For this reason, -1^2 doesn't produce what you may naively expect:
julia> -1^2
-1
In order to override the default precedence, just use parentheses as appropriate:
julia> (-1)^2
1
As suggested by Lyndon White in a comment, a nice way to visualise the precedence of operations in an expression is to quote it
julia> :(-1 ^ 2)
:(-(1 ^ 2))
julia> :((-1) ^ 2)
:((-1) ^ 2)
and dump it to see the full AST:
julia> dump(:(-1 ^ 2))
Expr
head: Symbol call
args: Array{Any}((2,))
1: Symbol -
2: Expr
head: Symbol call
args: Array{Any}((3,))
1: Symbol ^
2: Int64 1
3: Int64 2
julia> dump(:((-1) ^ 2))
Expr
head: Symbol call
args: Array{Any}((3,))
1: Symbol ^
2: Int64 -1
3: Int64 2
Here you can note that in the first case the exponentiation is done before the negation, in the second case where parentheses are used, negation comes before exponentiation.

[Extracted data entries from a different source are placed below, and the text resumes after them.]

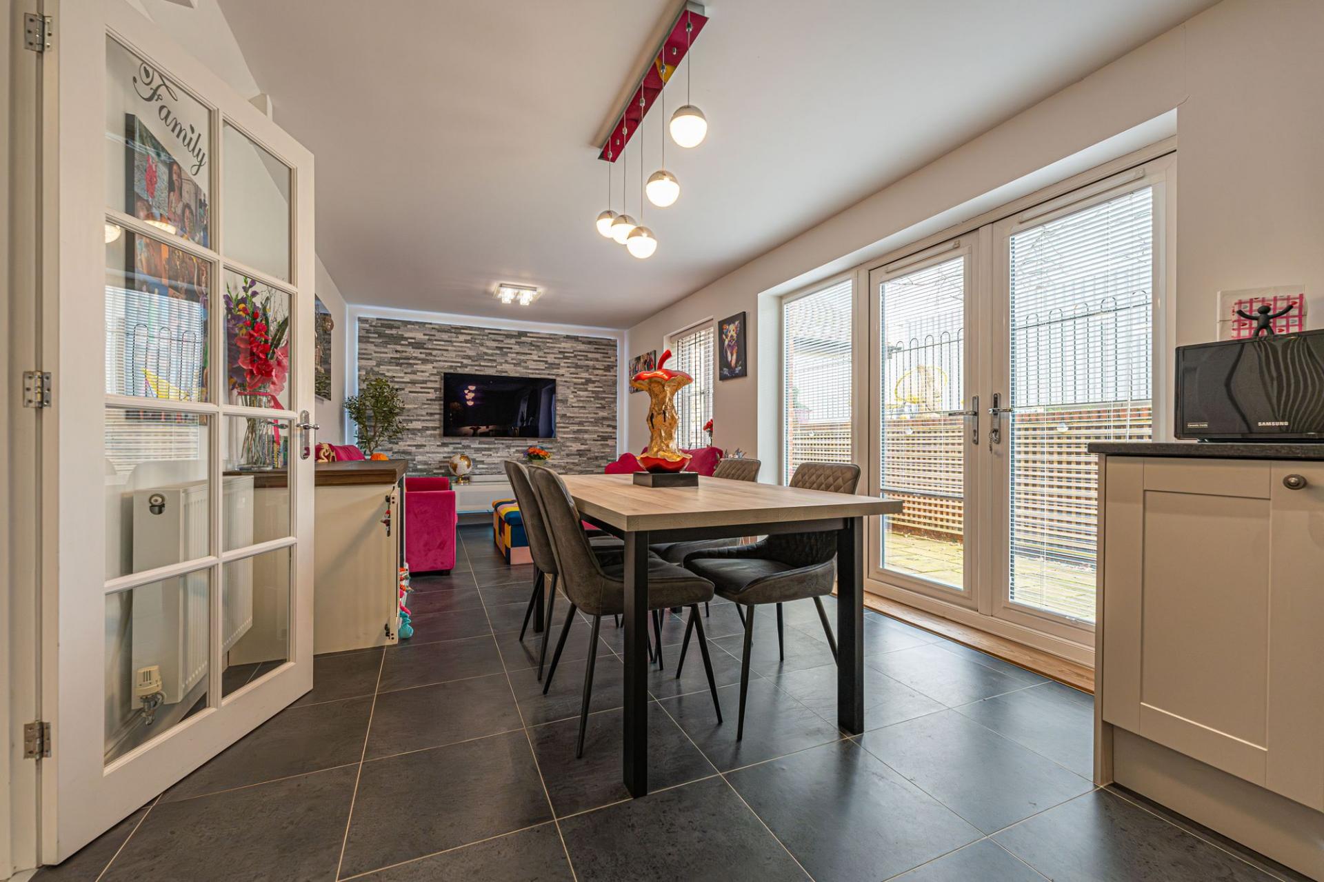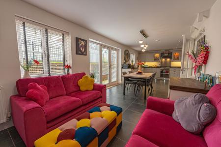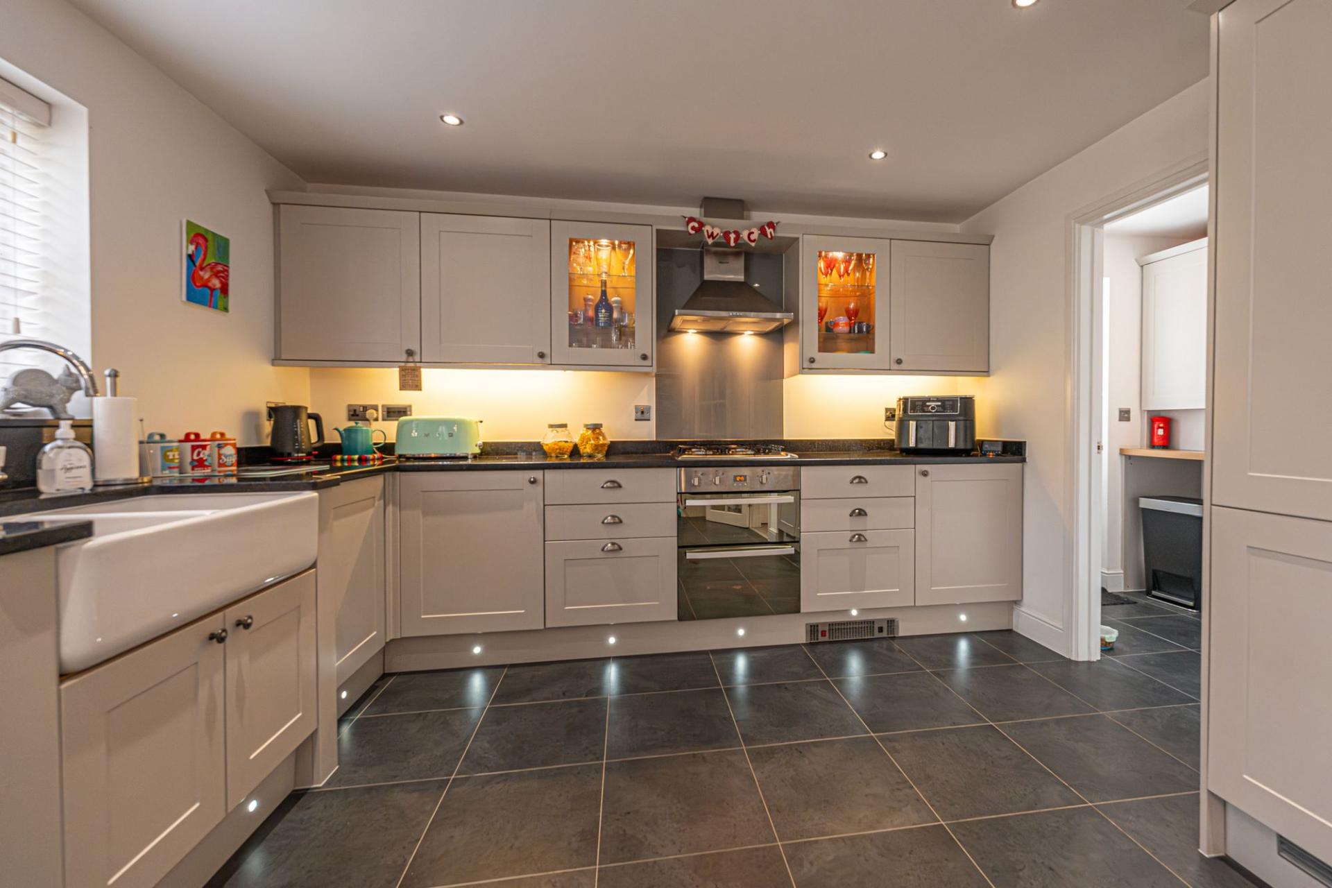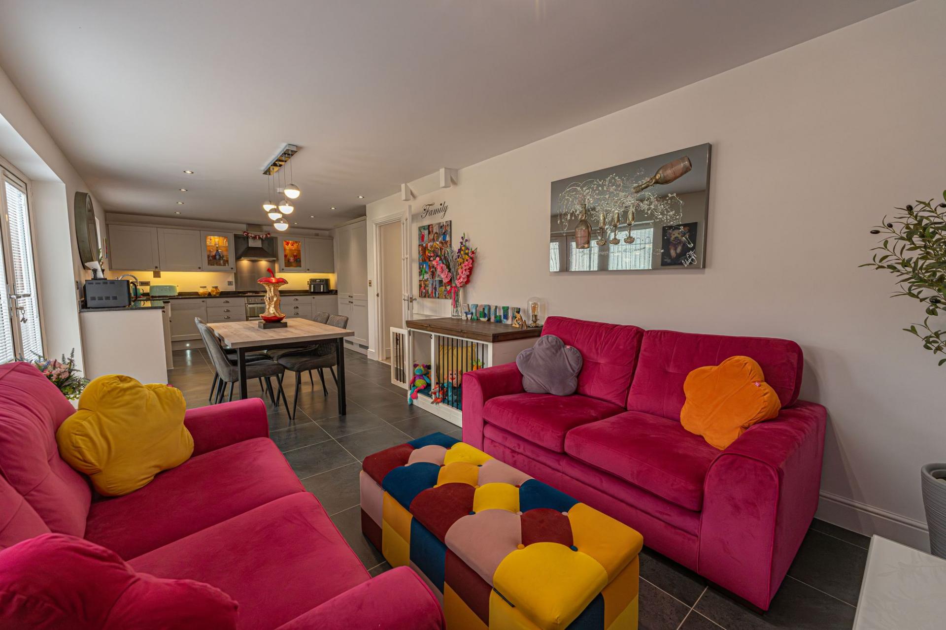 This impressive detached home offers a superb blend of modern style and generous living space, ideal for families and those who love to entertain. The property features three versatile reception rooms on the ground floor, one of which being a dedicated living room lit up by bay fronted windows, and another bright family room opposite, with a snug design that is perfectly suited as a home office. The third reception room is located at the rear of the house, with the impressive open plan kitchen offering enough space for both a dining room and a lounge space, with French doors to the garden providing a flood of natural light, creating an ideal setting for relaxing, dining, and entertaining guests. The stylish modern kitchen is well equipped with a range of storage options and integrated appliances, and includes a Belfast sink and a fabulous utility room adjacent. Further storage is available with push-to-open cupboards fitted into the staircase, with the hallway also featuring a helpful W.C.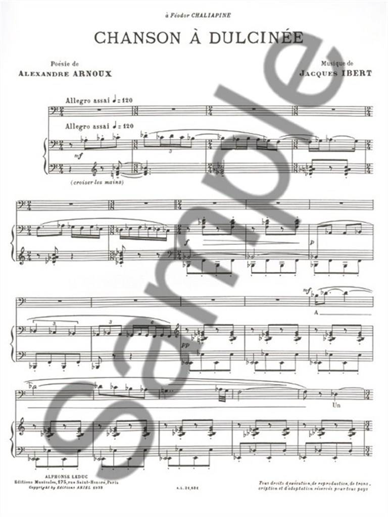 IBERT:CHANSONS DE DON QUICHOTTE CHANSON A DULCINEE LOW VOICE AND PIANO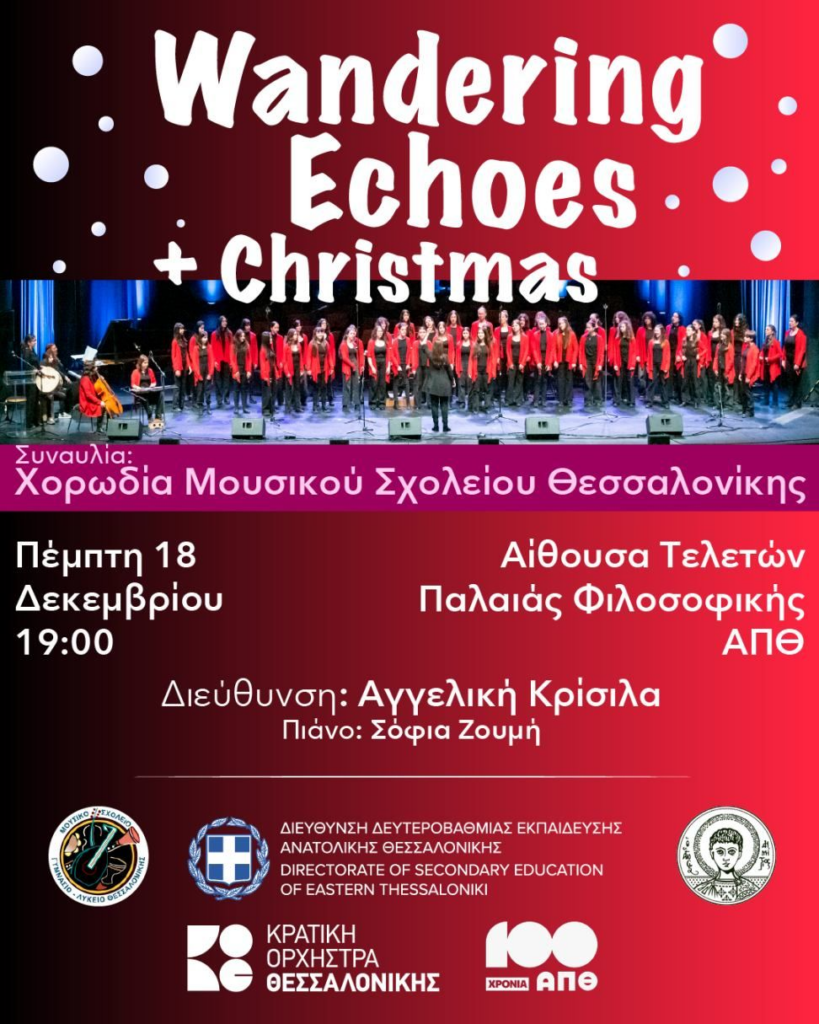 Περίπου ένα μήνα μετά τη συγκλονιστική συναυλία “Wandering Echoes” της Χορωδίας του Μουσικού Σχολείου Θεσσαλονίκης στη Φιλαρμονική της πόλης των Σκοπίων η μεγάλη επιτυχία επαναλήφθηκε στην αίθουσα τελετών της Παλαιάς Φιλοσοφικής Σχολής του Αριστοτελείου Πανεπιστημίου Θεσσαλονίκης. Η συναυλία αποτέλεσε πρωτοβουλία του Συμβούλου Εκπαίδευσης Αντώνη Κωνσταντινίδη και υλοποιήθηκε με τη συνεργασία της Δευτεροβάθμιας Εκπαίδευσης Ανατολικής Θεσσαλονίκης και της Διευθύντριας κας Ζωής Βαζούρα, της Κρατικής Ορχήστρας Θεσσαλονίκης και του Α.Π.Θ.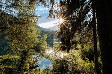 Keywords: flims graubünden switzerland caumasee bergsee water summer landscape lake forest island sky bank clouds alpine mountains nature panorama sun back light mood fairy tales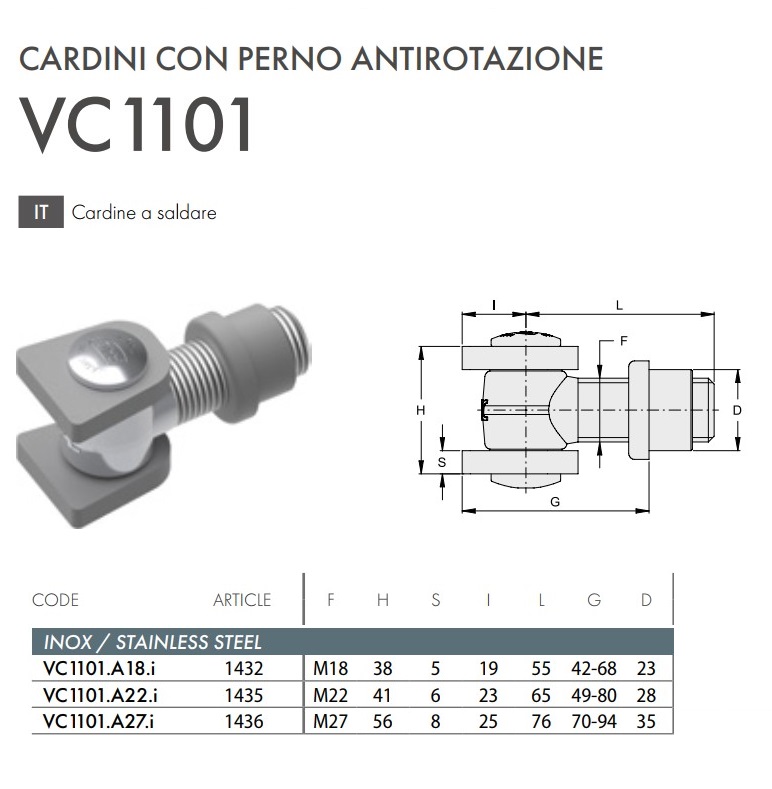 Cardine in acciaio inox con boccola e perno antirotazione FAC VC1101 - | M18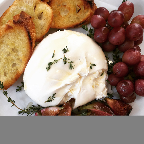 While burrata is good on its own with some good bread, I am constantly on the lookout for new ways to serve it. Being that's fresh fruit season, that makes it all the easier. The creaminess of burrata pairs well with any stone fruit (think peaches, plums) as well as melons and berries.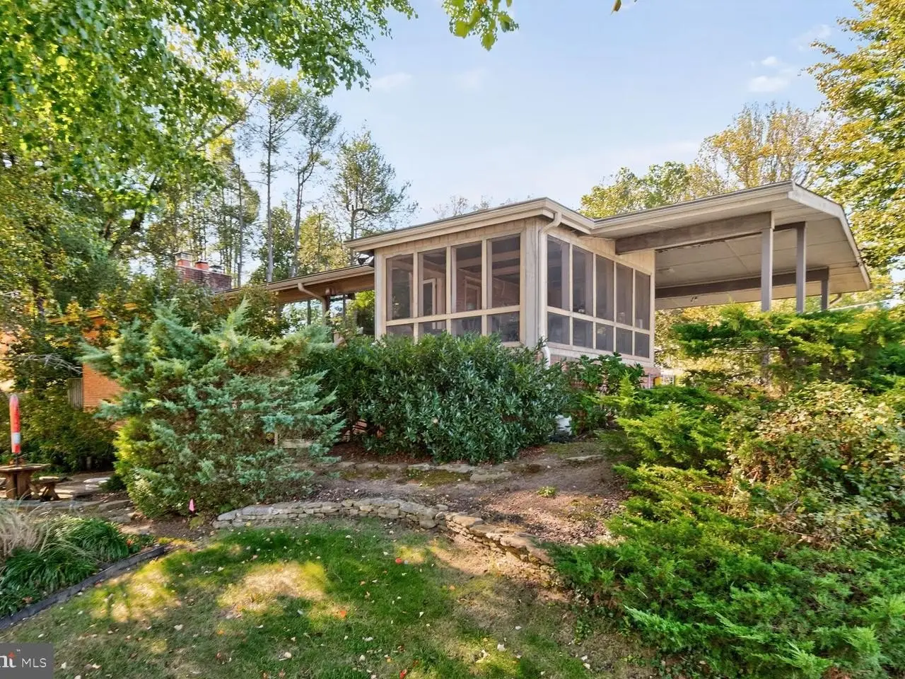 Price Reduction! It is a pleasure to present this bright, spacious four-bedroom, three full bath Contemporary located in the desirable Dunlop Hills subdivision of the leafy Rollingwood neighborhood in Chevy Chase, Maryland. This comfortable oasis of tranquility is situated on a ¼ acre lot on quiet streets. A flagstone walkway bordered by a landscaped yard with a beautiful Japanese Maple tree welcomes you to this classic Mid Century Modern home. The entry foyer gives a panoramic view to the spacious living room/dining room, the kitchen to the left and the hallway to the bedroom wing to the right. The Combination living room/dining room has a wall of picture windows and recessed lighting bathing the interior with light. The dining area accesses a spacious screened porch perfect for Al Fresco dining. A skylight and numerous windows brings light into the well designed table spaced kitchen featuring a unique artist designed backsplash and ample cabinetry. The kitchen boasts upgraded countertops, luxury vinyl tile flooring, a gas cooktop, side by side refrigerator, dishwasher, and a door to the carport allowing retrieving the groceries in with ease. The large primary bedroom with recessed lighting and a wall of closets has been expanded by an addition that leads to a private owner's patio perfect for morning coffee. The primary bathroom has a jetted tub, separate shower, a skylight, and high windows that provide plenty of light while maintaining privacy. The hall features a linen closet and a full bath. There is an additional bedroom on the main floor with a double closet and large windows and a spacious den/library/office with bookcases and a fireplace. The lower level has a huge open family room with bookcases, a fireplace, a wet bar, an exposed brick wall and a walkout level door to a patio. The patio has a beautifully landscaped garden with a pond with waterfall great for outdoor entertaining. The lower level also has two additional bedrooms, a storage /utility room, a large laundry room and a full bath. Terrific location - convenient to shopping, dining, Rock Creek Park and buses to three Metro stations. The Rollingwood neighborhood has an active Citizen's Association with frequent social activities like block Parties, picnics, happy hours and movie nights making this the ideal place to settle down. Sold in As Is condition.
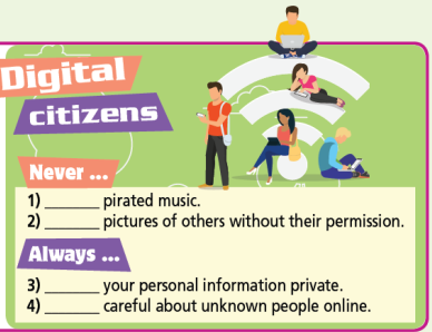 1. Read the sentences about smartphone etiquette. Which sentences are true for you and which are not? 2. Use the ideas in Exercise 1 to create a leaflet about the Dos and Don’ts of using smartphones. Use photos of drawings. 3. Collect more information about smartphone etiquette. Prepare and give the class a presentation. Think about: 4. Use the verbs to complete the sentences. 5. Are you a good digital citizen? Give examples.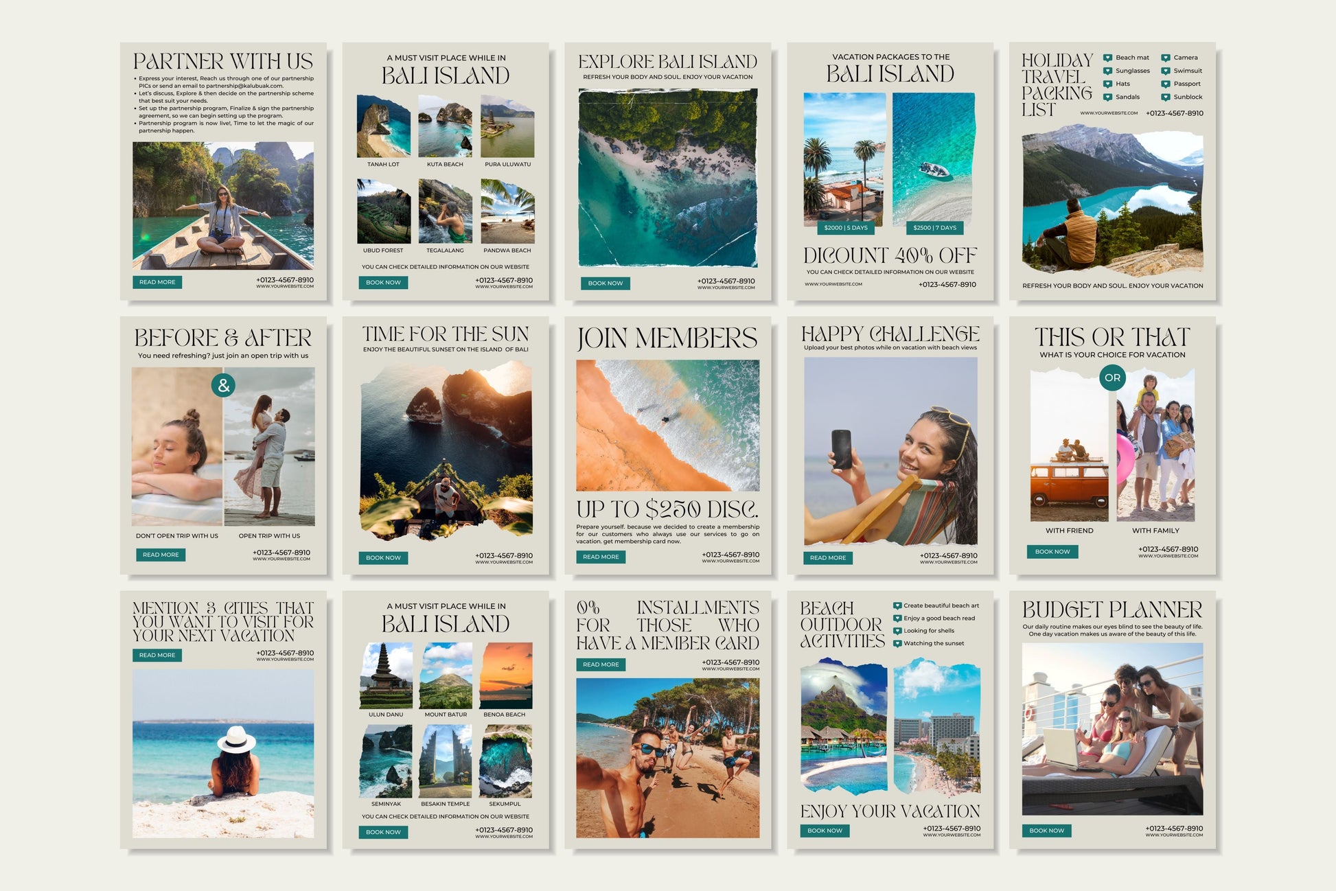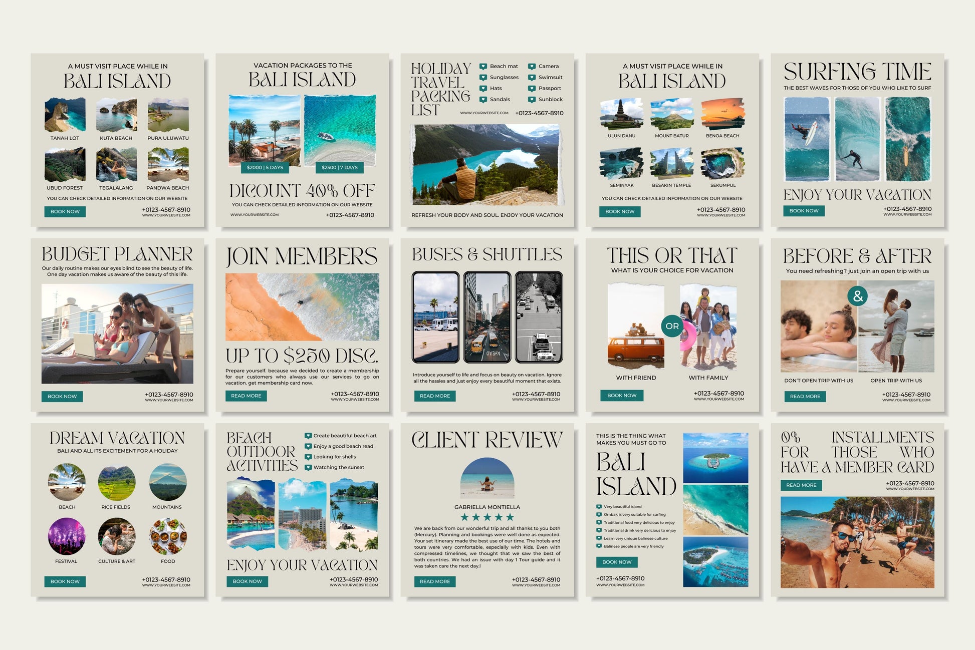 - βοΈ 30 Square Templates (1080Γ1080): Destination posts, tips

Another neat way to see how an expression is lowered in Julia is to use the Meta.lower function:
julia> Meta.lower(Main, :(-1 ^ 2) )
:($(Expr(:thunk, CodeInfo(
# none within `top-level scope'
1 ─ %1 = Core.apply_type(Base.Val, 2)
│ %2 = (%1)()
│ %3 = Base.literal_pow(^, 1, %2)
│ %4 = -%3
└── return %4
))))
julia> Meta.lower(Main, :((-1) ^ 2) )
:($(Expr(:thunk, CodeInfo(
# none within `top-level scope'
1 ─ %1 = Core.apply_type(Base.Val, 2)
│ %2 = (%1)()
│ %3 = Base.literal_pow(^, -1, %2)
└── return %3
))))
For your particular problem you can do
function computeequation()
result = 0
for k = 1:1000_000
result = result + ((-1) ^ (k + 1))/((2 * k) - 1)
end
return 4 * result
end
Answering my own question. Looks like adding braces around the -1 solves the problem.
function computeequation()
result = 0
for k = 1:1000000
result = result + (((-1)^(k+1))/((2 * k) - 1))
end
return 4 * result
end